***** The records
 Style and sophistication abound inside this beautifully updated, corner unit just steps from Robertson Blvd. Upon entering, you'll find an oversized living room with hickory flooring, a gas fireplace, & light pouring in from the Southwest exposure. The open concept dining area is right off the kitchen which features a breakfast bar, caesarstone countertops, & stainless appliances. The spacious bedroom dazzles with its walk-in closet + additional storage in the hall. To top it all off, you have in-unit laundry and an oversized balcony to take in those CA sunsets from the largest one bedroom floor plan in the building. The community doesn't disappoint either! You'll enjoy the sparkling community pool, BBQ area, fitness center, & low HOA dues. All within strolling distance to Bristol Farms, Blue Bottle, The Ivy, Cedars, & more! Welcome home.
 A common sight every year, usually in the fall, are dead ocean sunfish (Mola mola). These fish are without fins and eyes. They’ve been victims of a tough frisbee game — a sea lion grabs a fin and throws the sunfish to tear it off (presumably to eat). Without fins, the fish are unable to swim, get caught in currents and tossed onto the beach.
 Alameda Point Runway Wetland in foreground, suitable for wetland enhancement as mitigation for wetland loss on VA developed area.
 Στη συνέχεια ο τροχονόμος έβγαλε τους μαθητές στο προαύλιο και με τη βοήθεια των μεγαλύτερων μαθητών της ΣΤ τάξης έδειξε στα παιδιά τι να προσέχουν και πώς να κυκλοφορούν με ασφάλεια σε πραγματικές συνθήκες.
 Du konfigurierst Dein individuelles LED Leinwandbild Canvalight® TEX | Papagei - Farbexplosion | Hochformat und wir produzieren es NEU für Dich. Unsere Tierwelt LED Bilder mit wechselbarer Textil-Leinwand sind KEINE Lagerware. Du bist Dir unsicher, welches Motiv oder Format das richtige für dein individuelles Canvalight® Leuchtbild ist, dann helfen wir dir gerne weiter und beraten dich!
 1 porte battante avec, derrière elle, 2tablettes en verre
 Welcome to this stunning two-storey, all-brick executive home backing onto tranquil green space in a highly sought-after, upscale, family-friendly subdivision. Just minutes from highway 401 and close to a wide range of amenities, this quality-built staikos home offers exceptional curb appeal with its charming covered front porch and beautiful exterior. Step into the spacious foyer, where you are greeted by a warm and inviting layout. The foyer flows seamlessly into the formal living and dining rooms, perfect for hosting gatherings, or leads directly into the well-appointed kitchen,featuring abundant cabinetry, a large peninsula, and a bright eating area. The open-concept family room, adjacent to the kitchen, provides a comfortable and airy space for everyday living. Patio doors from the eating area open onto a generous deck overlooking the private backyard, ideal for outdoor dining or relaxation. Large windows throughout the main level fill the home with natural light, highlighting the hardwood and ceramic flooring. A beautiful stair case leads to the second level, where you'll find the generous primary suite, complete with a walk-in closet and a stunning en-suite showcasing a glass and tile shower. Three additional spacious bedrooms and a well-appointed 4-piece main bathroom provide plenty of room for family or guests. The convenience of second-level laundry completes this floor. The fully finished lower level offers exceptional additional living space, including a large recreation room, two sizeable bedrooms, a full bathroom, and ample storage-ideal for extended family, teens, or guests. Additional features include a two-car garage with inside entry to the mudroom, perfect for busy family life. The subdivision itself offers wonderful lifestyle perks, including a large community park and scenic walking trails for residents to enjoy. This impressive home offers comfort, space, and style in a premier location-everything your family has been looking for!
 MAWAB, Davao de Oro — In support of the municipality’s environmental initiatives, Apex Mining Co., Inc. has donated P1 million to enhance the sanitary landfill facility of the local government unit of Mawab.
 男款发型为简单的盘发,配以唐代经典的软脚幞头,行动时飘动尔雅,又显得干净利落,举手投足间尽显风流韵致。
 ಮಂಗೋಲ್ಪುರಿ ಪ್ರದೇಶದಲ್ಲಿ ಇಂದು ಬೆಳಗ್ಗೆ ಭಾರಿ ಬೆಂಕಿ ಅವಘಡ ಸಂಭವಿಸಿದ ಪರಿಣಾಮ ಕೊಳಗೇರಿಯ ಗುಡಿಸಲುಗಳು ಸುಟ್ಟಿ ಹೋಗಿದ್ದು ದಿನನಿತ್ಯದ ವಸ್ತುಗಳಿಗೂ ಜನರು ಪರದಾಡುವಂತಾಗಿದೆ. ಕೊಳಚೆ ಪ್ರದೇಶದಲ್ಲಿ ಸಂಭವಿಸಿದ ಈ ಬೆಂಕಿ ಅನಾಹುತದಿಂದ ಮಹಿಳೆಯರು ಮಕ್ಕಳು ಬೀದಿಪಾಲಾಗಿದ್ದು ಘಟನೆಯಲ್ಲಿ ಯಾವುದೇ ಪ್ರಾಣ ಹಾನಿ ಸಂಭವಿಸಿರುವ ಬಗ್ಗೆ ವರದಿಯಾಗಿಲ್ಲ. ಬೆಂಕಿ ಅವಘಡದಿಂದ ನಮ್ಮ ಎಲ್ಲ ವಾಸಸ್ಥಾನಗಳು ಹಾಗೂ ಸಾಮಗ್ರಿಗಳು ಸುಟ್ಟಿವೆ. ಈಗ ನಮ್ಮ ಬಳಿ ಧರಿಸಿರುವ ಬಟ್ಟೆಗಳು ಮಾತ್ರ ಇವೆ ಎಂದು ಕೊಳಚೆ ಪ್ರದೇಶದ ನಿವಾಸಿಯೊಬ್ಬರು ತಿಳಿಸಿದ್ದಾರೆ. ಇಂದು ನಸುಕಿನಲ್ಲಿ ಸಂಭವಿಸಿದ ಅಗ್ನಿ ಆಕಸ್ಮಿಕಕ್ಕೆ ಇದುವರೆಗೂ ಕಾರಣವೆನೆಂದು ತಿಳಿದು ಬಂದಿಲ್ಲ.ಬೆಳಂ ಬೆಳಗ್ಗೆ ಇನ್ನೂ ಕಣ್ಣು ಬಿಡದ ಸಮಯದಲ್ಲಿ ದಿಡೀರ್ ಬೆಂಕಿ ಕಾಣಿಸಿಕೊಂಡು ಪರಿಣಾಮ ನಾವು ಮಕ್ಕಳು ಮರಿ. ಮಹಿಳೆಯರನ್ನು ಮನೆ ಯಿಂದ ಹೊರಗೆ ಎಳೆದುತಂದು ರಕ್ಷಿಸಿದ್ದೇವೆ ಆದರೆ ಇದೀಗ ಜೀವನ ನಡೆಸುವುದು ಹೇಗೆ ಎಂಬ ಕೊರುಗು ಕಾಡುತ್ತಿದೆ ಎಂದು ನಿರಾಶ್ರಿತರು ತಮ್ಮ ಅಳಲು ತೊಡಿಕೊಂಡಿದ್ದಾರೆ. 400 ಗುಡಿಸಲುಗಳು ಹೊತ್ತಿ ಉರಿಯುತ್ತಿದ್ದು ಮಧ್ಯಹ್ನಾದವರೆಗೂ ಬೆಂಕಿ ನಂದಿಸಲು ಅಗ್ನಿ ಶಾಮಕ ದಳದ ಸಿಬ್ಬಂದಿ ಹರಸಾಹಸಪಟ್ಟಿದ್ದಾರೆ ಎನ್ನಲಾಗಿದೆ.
**********
Word for word, repeat each entry shown above.

• _Task result_
 Style and sophistication abound inside this beautifully updated, corner unit just steps from Robertson Blvd. Upon entering, you'll find an oversized living room with hickory flooring, a gas fireplace, & light pouring in from the Southwest exposure. The open concept dining area is right off the kitchen which features a breakfast bar, caesarstone countertops, & stainless appliances. The spacious bedroom dazzles with its walk-in closet + additional storage in the hall. To top it all off, you have in-unit laundry and an oversized balcony to take in those CA sunsets from the largest one bedroom floor plan in the building. The community doesn't disappoint either! You'll enjoy the sparkling community pool, BBQ area, fitness center, & low HOA dues. All within strolling distance to Bristol Farms, Blue Bottle, The Ivy, Cedars, & more! Welcome home.
 A common sight every year, usually in the fall, are dead ocean sunfish (Mola mola). These fish are without fins and eyes. They’ve been victims of a tough frisbee game — a sea lion grabs a fin and throws the sunfish to tear it off (presumably to eat). Without fins, the fish are unable to swim, get caught in currents and tossed onto the beach.
 Alameda Point Runway Wetland in foreground, suitable for wetland enhancement as mitigation for wetland loss on VA developed area.
 Στη συνέχεια ο τροχονόμος έβγαλε τους μαθητές στο προαύλιο και με τη βοήθεια των μεγαλύτερων μαθητών της ΣΤ τάξης έδειξε στα παιδιά τι να προσέχουν και πώς να κυκλοφορούν με ασφάλεια σε πραγματικές συνθήκες.
 Du konfigurierst Dein individuelles LED Leinwandbild Canvalight® TEX | Papagei - Farbexplosion | Hochformat und wir produzieren es NEU für Dich. Unsere Tierwelt LED Bilder mit wechselbarer Textil-Leinwand sind KEINE Lagerware. Du bist Dir unsicher, welches Motiv oder Format das richtige für dein individuelles Canvalight® Leuchtbild ist, dann helfen wir dir gerne weiter und beraten dich!
 1 porte battante avec, derrière elle, 2tablettes en verre
 Welcome to this stunning two-storey, all-brick executive home backing onto tranquil green space in a highly sought-after, upscale, family-friendly subdivision. Just minutes from highway 401 and close to a wide range of amenities, this quality-built staikos home offers exceptional curb appeal with its charming covered front porch and beautiful exterior. Step into the spacious foyer, where you are greeted by a warm and inviting layout. The foyer flows seamlessly into the formal living and dining rooms, perfect for hosting gatherings, or leads directly into the well-appointed kitchen,featuring abundant cabinetry, a large peninsula, and a bright eating area. The open-concept family room, adjacent to the kitchen, provides a comfortable and airy space for everyday living. Patio doors from the eating area open onto a generous deck overlooking the private backyard, ideal for outdoor dining or relaxation. Large windows throughout the main level fill the home with natural light, highlighting the hardwood and ceramic flooring. A beautiful stair case leads to the second level, where you'll find the generous primary suite, complete with a walk-in closet and a stunning en-suite showcasing a glass and tile shower. Three additional spacious bedrooms and a well-appointed 4-piece main bathroom provide plenty of room for family or guests. The convenience of second-level laundry completes this floor. The fully finished lower level offers exceptional additional living space, including a large recreation room, two sizeable bedrooms, a full bathroom, and ample storage-ideal for extended family, teens, or guests. Additional features include a two-car garage with inside entry to the mudroom, perfect for busy family life. The subdivision itself offers wonderful lifestyle perks, including a large community park and scenic walking trails for residents to enjoy. This impressive home offers comfort, space, and style in a premier location-everything your family has been looking for!
 MAWAB, Davao de Oro — In support of the municipality’s environmental initiatives, Apex Mining Co., Inc. has donated P1 million to enhance the sanitary landfill facility of the local government unit of Mawab.
 男款发型为简单的盘发,配以唐代经典的软脚幞头,行动时飘动尔雅,又显得干净利落,举手投足间尽显风流韵致。
 ಮಂಗೋಲ್ಪುರಿ ಪ್ರದೇಶದಲ್ಲಿ ಇಂದು ಬೆಳಗ್ಗೆ ಭಾರಿ ಬೆಂಕಿ ಅವಘಡ ಸಂಭವಿಸಿದ ಪರಿಣಾಮ ಕೊಳಗೇರಿಯ ಗುಡಿಸಲುಗಳು ಸುಟ್ಟಿ ಹೋಗಿದ್ದು ದಿನನಿತ್ಯದ ವಸ್ತುಗಳಿಗೂ ಜನರು ಪರದಾಡುವಂತಾಗಿದೆ. ಕೊಳಚೆ ಪ್ರದೇಶದಲ್ಲಿ ಸಂಭವಿಸಿದ ಈ ಬೆಂಕಿ ಅನಾಹುತದಿಂದ ಮಹಿಳೆಯರು ಮಕ್ಕಳು ಬೀದಿಪಾಲಾಗಿದ್ದು ಘಟನೆಯಲ್ಲಿ ಯಾವುದೇ ಪ್ರಾಣ ಹಾನಿ ಸಂಭವಿಸಿರುವ ಬಗ್ಗೆ ವರದಿಯಾಗಿಲ್ಲ. ಬೆಂಕಿ ಅವಘಡದಿಂದ ನಮ್ಮ ಎಲ್ಲ ವಾಸಸ್ಥಾನಗಳು ಹಾಗೂ ಸಾಮಗ್ರಿಗಳು ಸುಟ್ಟಿವೆ. ಈಗ ನಮ್ಮ ಬಳಿ ಧರಿಸಿರುವ ಬಟ್ಟೆಗಳು ಮಾತ್ರ ಇವೆ ಎಂದು ಕೊಳಚೆ ಪ್ರದೇಶದ ನಿವಾಸಿಯೊಬ್ಬರು ತಿಳಿಸಿದ್ದಾರೆ. ಇಂದು ನಸುಕಿನಲ್ಲಿ ಸಂಭವಿಸಿದ ಅಗ್ನಿ ಆಕಸ್ಮಿಕಕ್ಕೆ ಇದುವರೆಗೂ ಕಾರಣವೆನೆಂದು ತಿಳಿದು ಬಂದಿಲ್ಲ.ಬೆಳಂ ಬೆಳಗ್ಗೆ ಇನ್ನೂ ಕಣ್ಣು ಬಿಡದ ಸಮಯದಲ್ಲಿ ದಿಡೀರ್ ಬೆಂಕಿ ಕಾಣಿಸಿಕೊಂಡು ಪರಿಣಾಮ ನಾವು ಮಕ್ಕಳು ಮರಿ. ಮಹಿಳೆಯರನ್ನು ಮನೆ ಯಿಂದ ಹೊರಗೆ ಎಳೆದುತಂದು ರಕ್ಷಿಸಿದ್ದೇವೆ ಆದರೆ ಇದೀಗ ಜೀವನ ನಡೆಸುವುದು ಹೇಗೆ ಎಂಬ ಕೊರುಗು ಕಾಡುತ್ತಿದೆ ಎಂದು ನಿರಾಶ್ರಿತರು ತಮ್ಮ ಅಳಲು ತೊಡಿಕೊಂಡಿದ್ದಾರೆ. 400 ಗುಡಿಸಲುಗಳು ಹೊತ್ತಿ ಉರಿಯುತ್ತಿದ್ದು ಮಧ್ಯಹ್ನಾದವರೆಗೂ ಬೆಂಕಿ ನಂದಿಸಲು ಅಗ್ನಿ ಶಾಮಕ ದಳದ ಸಿಬ್ಬಂದಿ ಹರಸಾಹಸಪಟ್ಟಿದ್ದಾರೆ ಎನ್ನಲಾಗಿದೆ.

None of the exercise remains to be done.